Casualties among the Afghan army and police rose to 2,767, up from 1,870 the year before. In June, the Afghan army and police took over control of the country's security from the NATO-led International Security Assistance Force, resulting in greater combat losses with the insurgents.

Meanwhile Afghan civilians continued to bear the worst of the war's violence, with the United Nations recording 2,730 deaths and 5,169 wounded through the end of November, a 10 percent increase on a year earlier.

One significant change this year was a steep drop in the number of insider attacks, the so-called "green-on-blue" incidents in which Afghan security turn on their NATO partners. Last year, attacks like this killed 53 coalition troops in 38 separate incidents. In 2013, there were 16 deaths in 10 separate insider attacks.

Maj. Gen.
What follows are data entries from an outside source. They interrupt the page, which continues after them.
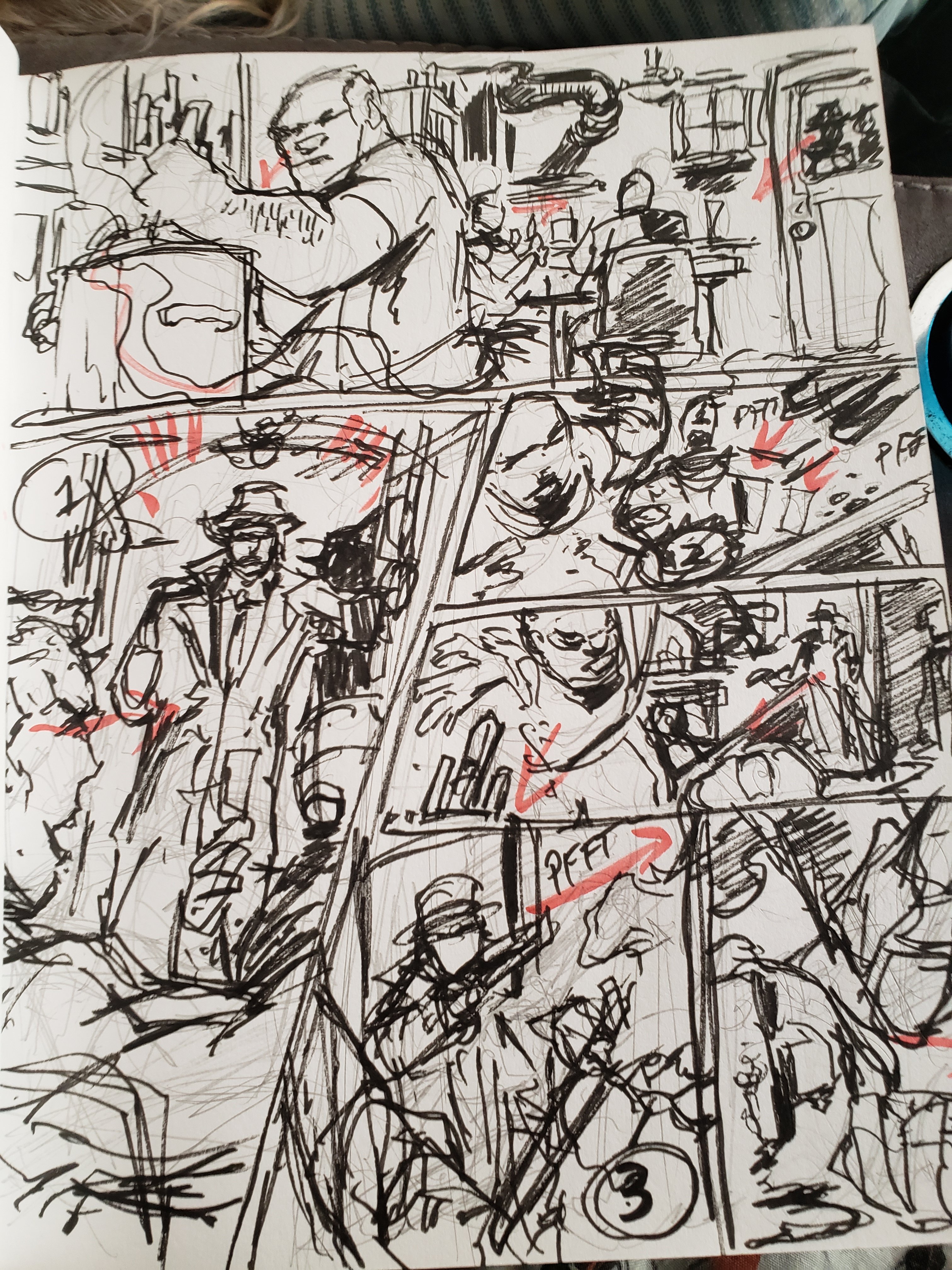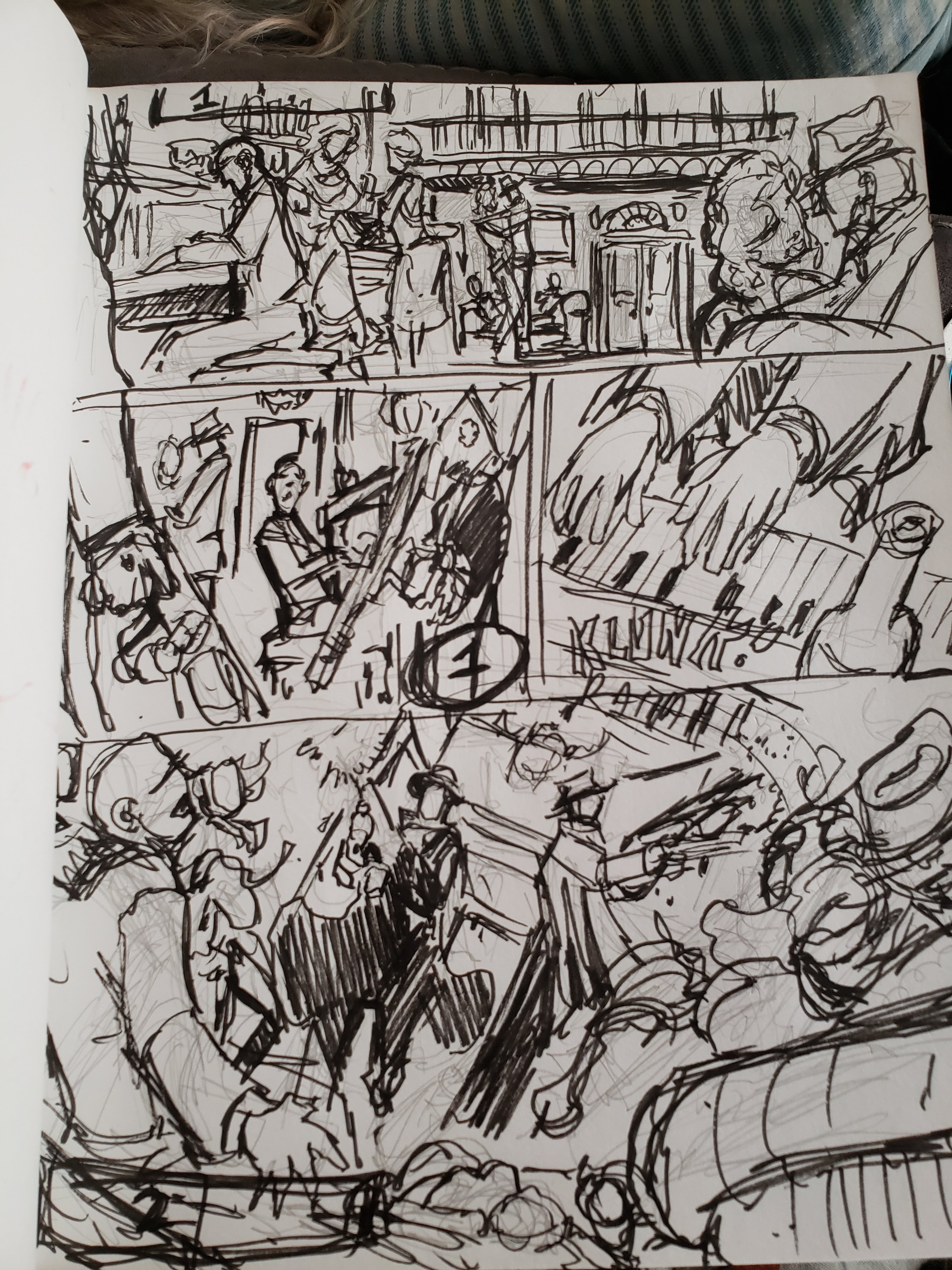 Meanwhile Jim O’Riley was working on “roughs” from our Brother Bones graphic novel script. Artists do up these roughs so as to see what the strengths and weaknesses are inherent in each page. Then learning that, they adapt the final pages to reflect the best compositions. Jim’s plan is to do “roughs” for ALL 130 pgs before he begins the final artwork. Now that’s dedication to one’s craft.
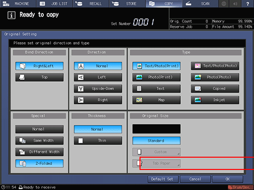 With z-folded originals loaded in the ADF, the size detection sensor may not function properly due to the floaty original. To detect the correct size while scanning the original, set this mode.
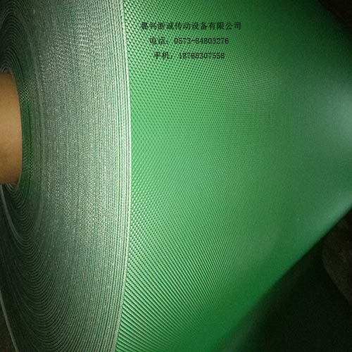 嘉兴浙诚传动设备有限公司主要生产绿色钻石纹输送带,绿色PVC钻石纹,绿色钻石纹环带是由工作面为花纹状的复盖胶和非工作面为平面的复盖胶与带芯构成的倾角输送带。嘉兴浙诚传动设备有限公司绿色钻石纹输送带,绿色PVC钻石纹,绿色钻石纹环带特点:适用于倾角为0~40°物料的输送,防止物料下滑。

Joseph Osterman, director of operations for the coalition, said most of the credit for the lower insider attacks should go to the Afghan security forces.

"They put in much more robust screening processes, education processes, and at the local level, just awareness of soldiers who were potential 'green-on-blue' perpetrators," Osterman said.

The Defense Department says a total of 1,788 Americans have been killed in action in Afghanistan since the U.S. invasion in 2001 through Dec. 30. Some 19,541 have been wounded.